I’m home sick—”normal” sick. I have plump yellow and green stuff building up, breaking up, and making its way out. The “normal- sick” sensation remains one to rejoice over. I didn’t experience this for a couple of years—something about Lyme making it impossible for my immune system to work enough to fight common infection—I don’t get it. But what I DO get is that yellow stuff equals normal infection and that’s the kinda thing I’m after. So, hooray, right? Well, not quite.

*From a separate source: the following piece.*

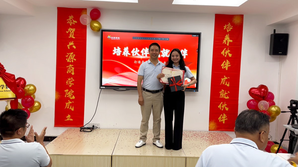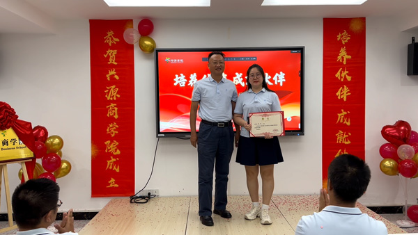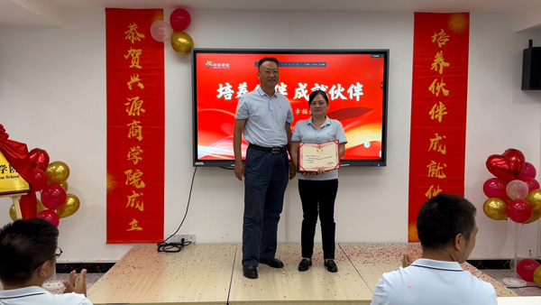 李院长为兴源商学院执行院长兼兴源哲学推进指导邢俏依同志颁发聘书

A couple of weeks ago, I received an emergency phone call from my immunologist. I’m on Medi-cal. For the most part, Medi-cal doctors do not emergency- phone- call me—I’m lucky if they know who I am, can find my files, or call me back after I leave a 911 message. It’s been one of the most frustrating things about being sick: bad doctors, poor treatment. But as the most unpleasant of pleasant surprises, a couple of weeks ago, I got two emergency phone calls, one after the other, “Jacqueline, we need you to come in first thing in the morning to review your recent blood work and get the process started for the IVIG.It’s very important we get going.” I know what my numbers are (I’ve been following them closely and consistently telling the doctor that I need to get started on the IVIG) but still the phone call scared me. It must be bad if the doctor is going out of his way to call, I thought.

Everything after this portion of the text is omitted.